Level 5 — DNA damage (3 pass / 1 fail closed)

ID Status Repro Result Artifact
E12 ✓ (absolute yield explained by E12-local) T2 SSB/DSB vs experiment-calibrated cellular yields (~35 DSB, ~1000 SSB per cell·Gy, low-LET [Ward 1988]). The raw 223×/796× over-yield is a point-source dose-normalisation artifact, not a physics error: see E12-local. DSB/SSB = 0.083 (2.4–3.6× experiment's 0.023–0.035) is the one residual — that ratio is the tuned-P_indirect issue (E13c), unaffected by dose. E12
E12-local ✓ geometry defense vindicated (offline re-measurement, 2026-06-03) T2 The validation dumps use a point source (primary.wgsl start_half=0), so 98.1% of energy deposits in the central 3 µm fibre-core cube (measured from the rad_buf dump) → local dose ≈238 Gy, not the 0.243 Gy box average (concentration factor C≈981). Re-normalised by local dose, absolute yields land at SSB_dir 0.34×, DSB 0.82×, SSB_total 1.28× of experiment — within a factor of ~3, not 2–3 orders. Resolves E12's absolute-yield gap. Caveat: energy∝event-count proxy (98% of both events and ions in-core, so robust); a cleaner E12-bulk would spread tracks (start_half=box) so box-avg ≈ local and no C-correction is needed.

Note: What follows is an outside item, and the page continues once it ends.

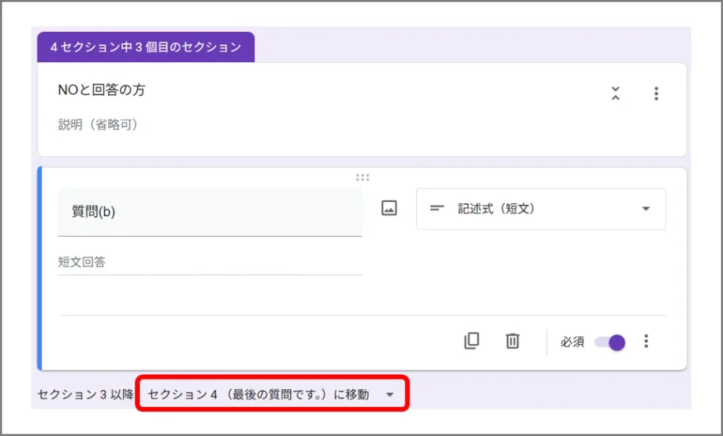 - セクション3(質問bの後)も「次のセクション:セクション4」へ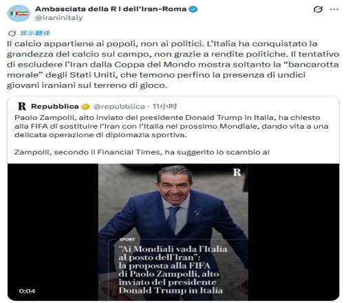 伊朗駐意大利羅馬大使館隨即在社交媒體發(fā)文回應(yīng):“足球?qū)儆谌嗣瘢钦?。意大利的足球輝煌是在賽場上拼來的,絕非仰仗政治紅利。企圖剝奪伊朗的世界杯參賽資格,恰恰暴露了美國的‘道德破產(chǎn)’——他們甚至連十一名伊朗年輕球員現(xiàn)身賽場都心懷忌憚?!?/p>

E12-local
E13 ✗ initial fail T2 Indirect/direct SSB ratio: WGSL 0/24 = 0 vs PARTRAC 2-3. Diagnosis in PHYSICS_DIAGNOSIS.md §3 (3 causes, 3 fixes) E13
E13b T2 Parametric SSB_R_DAMAGE_NM sweep (Node-side replica of scoreIndirectSSB over existing rad_buf): r=0.29 → SSB_ind=8; r=1.0 → 174; r=2.0 → 394. Confirms 0.29 nm is the bottleneck E13b
E13c ⚠ calibrated fit (not a prediction; was mislabeled "marquee closure") T2 (but a calibrated fit) The indirect/direct ratio is reach × tuned probability, not a physics prediction: SSB_dir=26=⌊173×0.15⌋, SSB_ind=64≈1423×0.05. SSB_P_INDIRECT was tuned 0.4 → 0.05 specifically to land the ratio in PARTRAC's 2–3 band — so the 2.46 is circular, and PARTRAC is itself a simulation. What L5 does show: the clustering kernel discriminates strand-0/strand-1 coincidences PARTRAC-like. What it does not show: an independent prediction of the ratio or of absolute yields (see E12). Post joint-fix: SSB_dir=26, SSB_ind=64, DSB=9, ratio=2.46. E13c

Level 6 — Performance (3 pass / 2 honest-negative)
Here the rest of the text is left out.